Cooling behavior and residual strength of post-fire concrete filled steel tubular columns

• A comprehensive computational study was performed to investigate the behavior of CFST columns after fire exposure.
• Different natural fire conditions were investigated based on the Cardington full-scale fire tests and FDS software.
• The proposed FEA model was applied to predict the load versus deformation relationships of CFST columns after uniform heating or ISO-834 fire exposure.
• Parametric analysis was performed to investigate the influence of fire duration time, cross-sectional diameter, slenderness ratio, yield stress of steel and concrete cubic compressive strength after natural fire exposure.
• A simplified approach to evaluate residual load capacity of CFST columns was proposed. Strength reduction of steel and concrete is considered as a function of the maximum temperatures, obtained from the whole fire exposure process.

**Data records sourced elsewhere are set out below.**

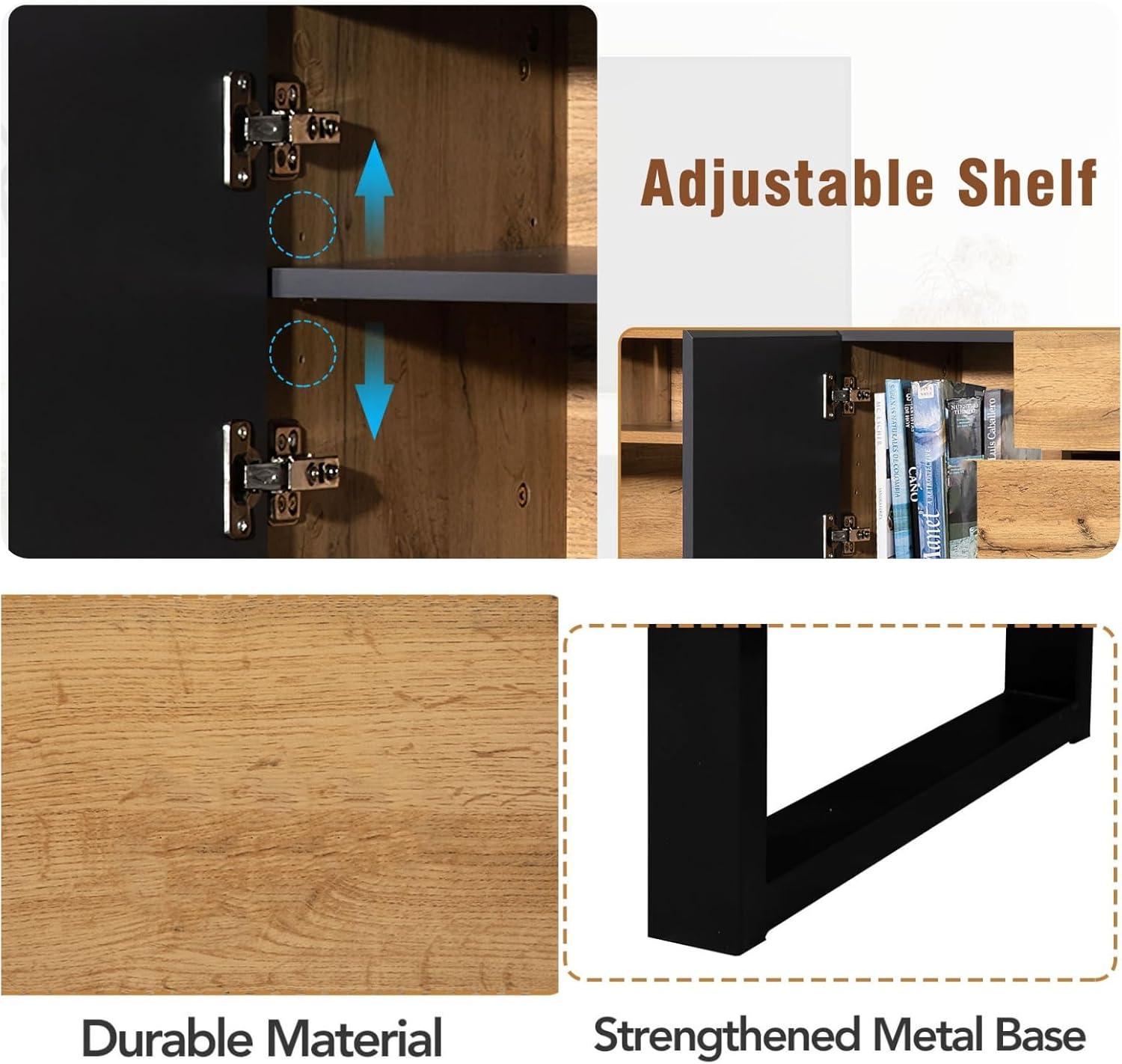 The cabinet supports TVs up to 80 inches with notable stability, ideal for both living rooms and home theaters. An adjustable interior shelf adds flexibility, allowing us to maximize storage space effectively. This versatility, combined with its simple yet elegant geometric construction, makes it a smart investment for anyone seeking a multi-purpose TV stand. Below is a quick summary of its standout features:
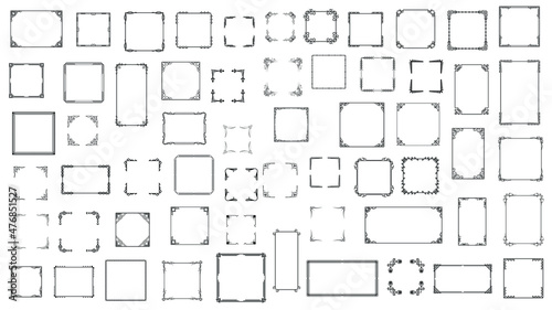 Big Set Black Simple Line Frame Collection Doodle Square Floral Frame Elements Vector Design Style Sketch Isolated Illustration For Banner
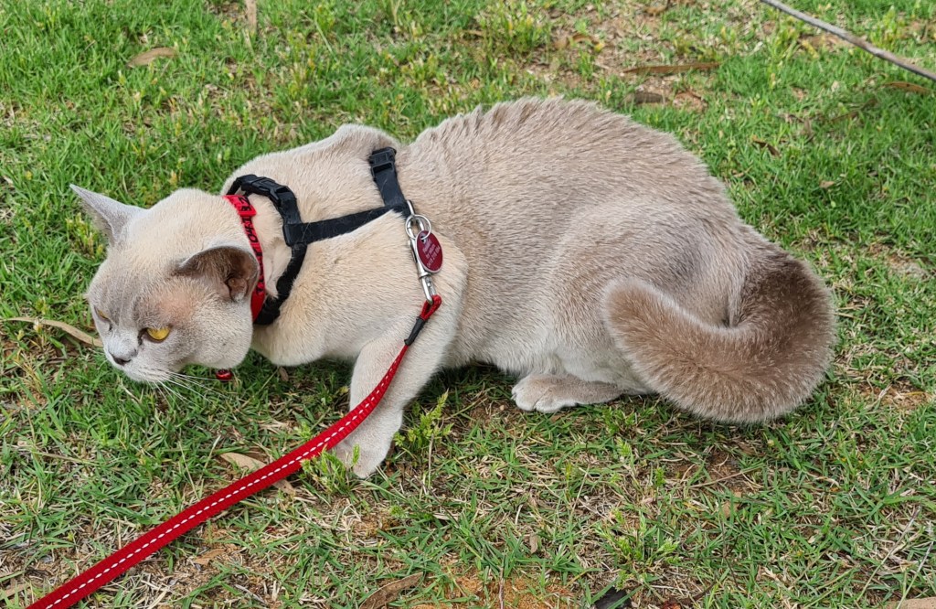 I took Tilly for a walk past the closed pub. There are three sheep statues in the park – a ram, ewe and lamb. These would not be very interesting except for Tilly’s reaction to them. She furred up and hugged the ground. I was worried she had seen a snake or a dog that I had not noticed.
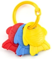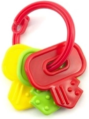 Lehké a snadno uchopitelné chrastítko ve tvaru klíčů je ideální pro nejmenší ručičky. Tři plastové přívěšky vydávají příjemný chrastivý zvuk, který upoutá pozornost miminka a pomáhá rozvíjet jeho smysly. Odolné provedení je vhodné pro každodenní hraní doma i na cestách.
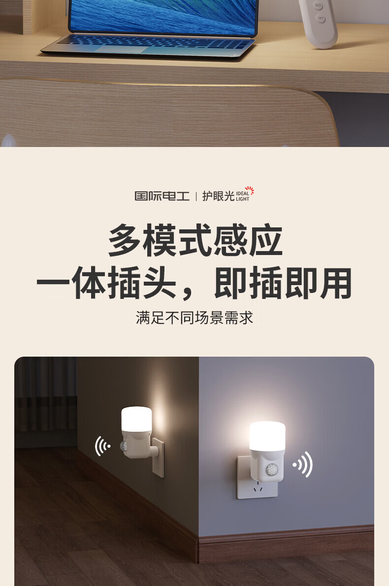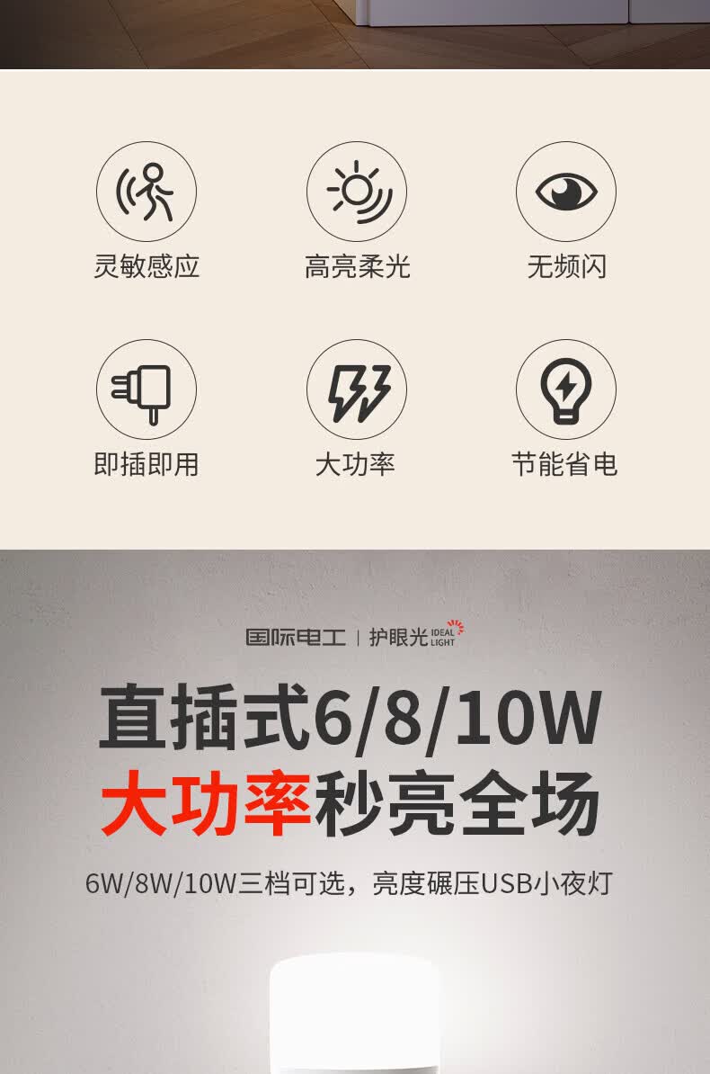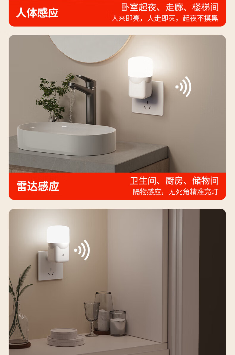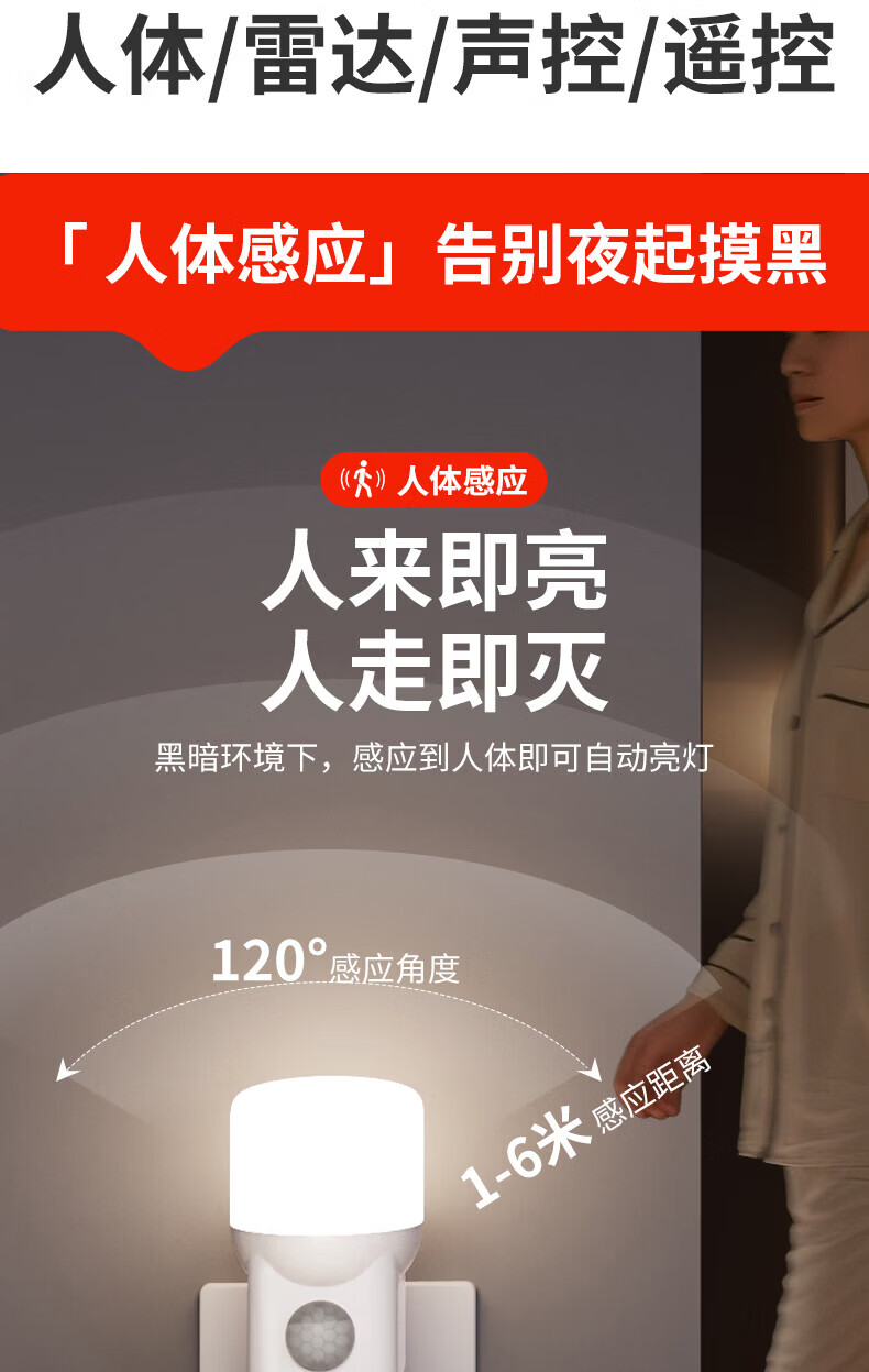 国际电工(FDD)智能人体感应地脚灯卧室睡眠夜间床头灯入户门雷达感应插电小夜灯 雷达感应小夜灯+6W【即插即用】
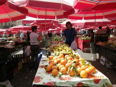 楽しい所です お土産屋さん 果物やさん 魚屋さん肉屋さんと 色とりどりのパラソルの下開店しています 特に時期にもよるでしょうが イチゴやサクランボがお買い得でした イチゴ1キロ 150円位 サクランボ1キロ200円位と信じられません イチゴは鉄道駅前でも販売されて居ました その安さに勇んで購入しましたが 日本の物と比べると甘味が薄いです 二日続けてイチゴとサクランボを購入したので 他の物が食べられない位満腹になりました

An interaction approach to evaluate the residual strength of concrete filled steel tubular (CFST) columns after fire conditions is developed. The approach is based on strength reduction of steel tube and concrete as a function of the maximum temperature, which is obtained from the whole fire exposure process. Sixty-one CFST column tests to the residual strength of specimens subjected to uniform heating or ISO-834 standard fire were employed to benchmark the proposed approach. The predictions showed good agreement compared with experimental data. In order to obtain the post-fire load versus deformation relationships, a 3D finite element model was developed to investigate the behavior of CFST columns under different heating conditions. Based on the natural fire curve from Cardington fire tests and Fire Dynamics Simulator (FDS) software, parametric studies were performed to investigate the effects of parameters to the heating and post-fire behavior of CFST columns under natural fire conditions. From the theoretical and computational analysis, it can be concluded that the residual strength of CFST columns after natural fire exposure is generally affected by fire duration time, cross-sectional diameter and slenderness ratio.